[Records for processing]:
•••••
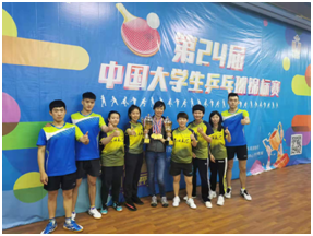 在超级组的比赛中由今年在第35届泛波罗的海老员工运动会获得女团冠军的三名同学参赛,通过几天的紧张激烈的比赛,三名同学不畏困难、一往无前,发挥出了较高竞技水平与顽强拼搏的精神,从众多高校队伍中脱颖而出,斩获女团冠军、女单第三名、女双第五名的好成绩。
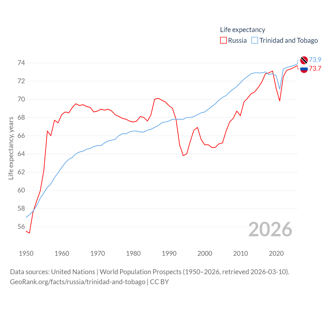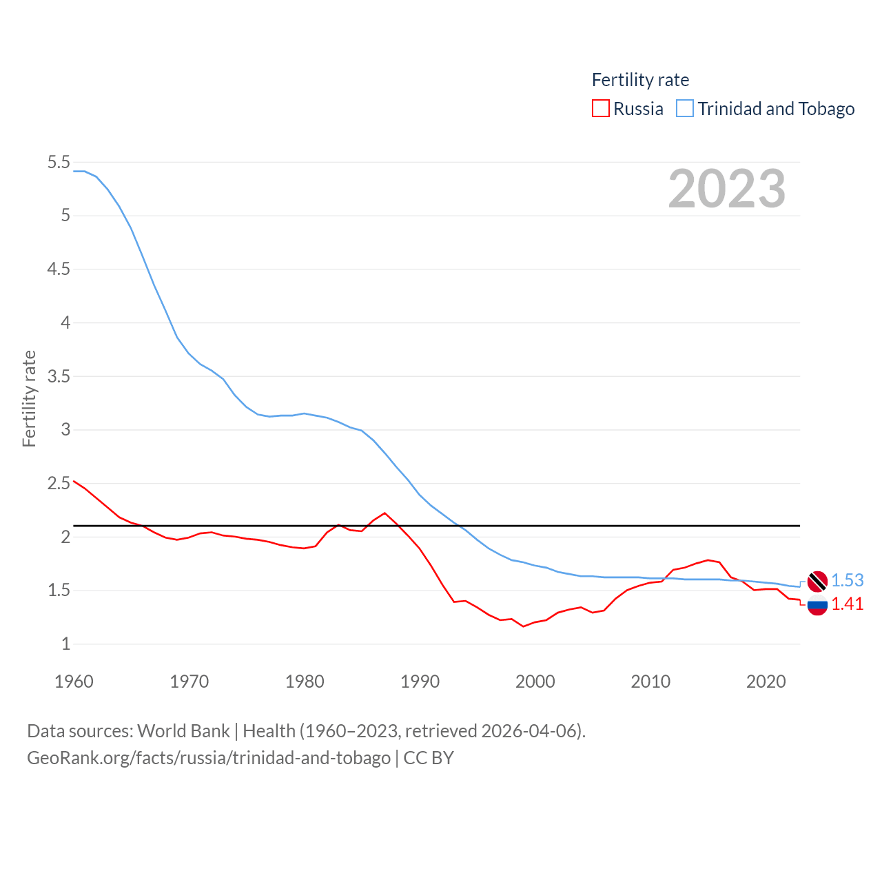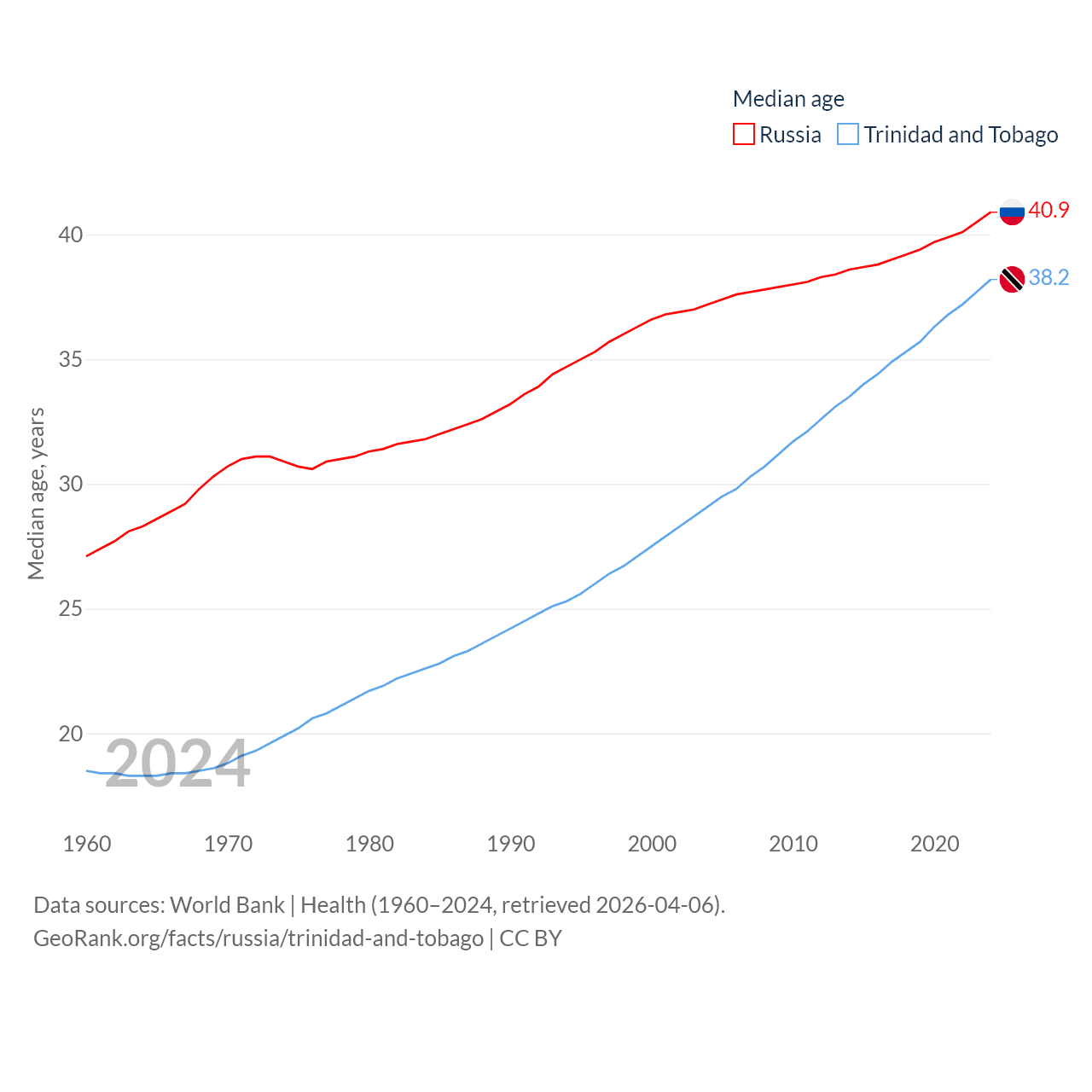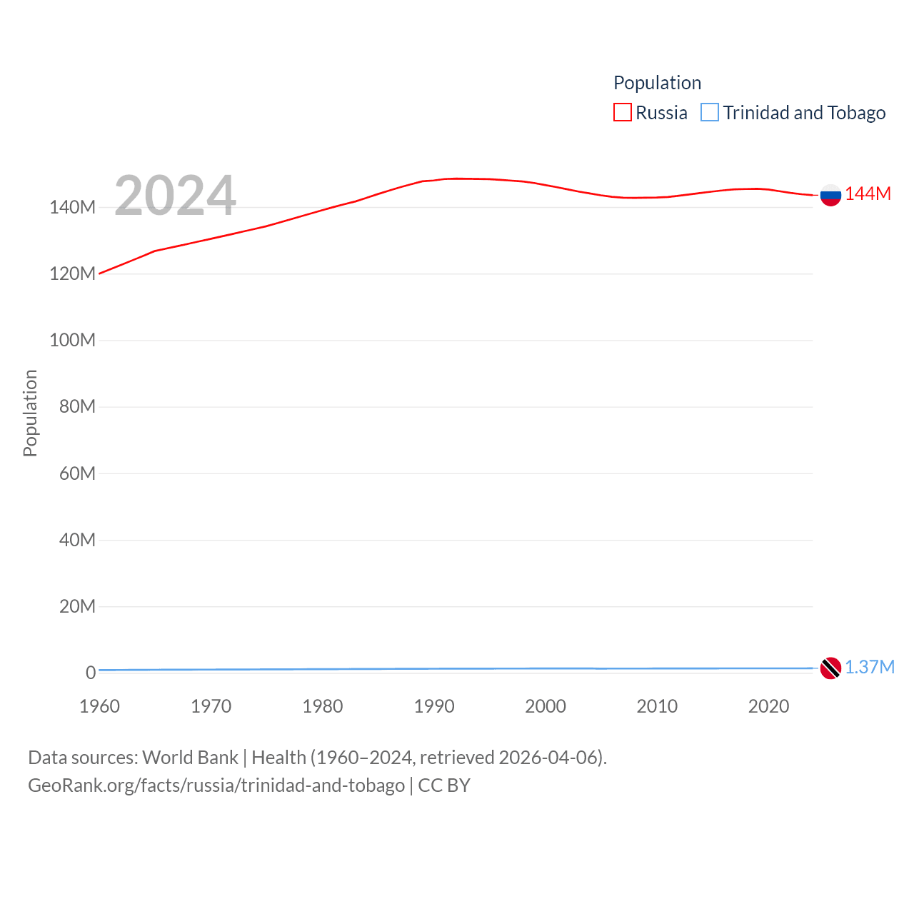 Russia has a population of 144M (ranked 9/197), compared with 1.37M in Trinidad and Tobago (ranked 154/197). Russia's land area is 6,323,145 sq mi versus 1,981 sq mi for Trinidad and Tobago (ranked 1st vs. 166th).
•••••
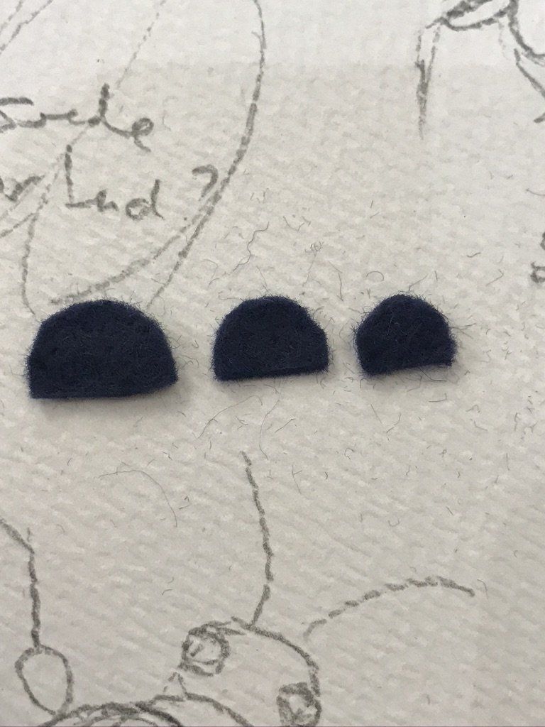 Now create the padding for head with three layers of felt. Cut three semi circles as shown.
•••••
[About this task]:
What you return from the records above should be exactly everything from the line with "在超级组的比赛中由今年在第3" down to the line with "Russia has a", both kept, and no pictures.

[Exercise answer]:
 在超级组的比赛中由今年在第35届泛波罗的海老员工运动会获得女团冠军的三名同学参赛,通过几天的紧张激烈的比赛,三名同学不畏困难、一往无前,发挥出了较高竞技水平与顽强拼搏的精神,从众多高校队伍中脱颖而出,斩获女团冠军、女单第三名、女双第五名的好成绩。
 Russia has a population of 144M (ranked 9/197), compared with 1.37M in Trinidad and Tobago (ranked 154/197). Russia's land area is 6,323,145 sq mi versus 1,981 sq mi for Trinidad and Tobago (ranked 1st vs. 166th).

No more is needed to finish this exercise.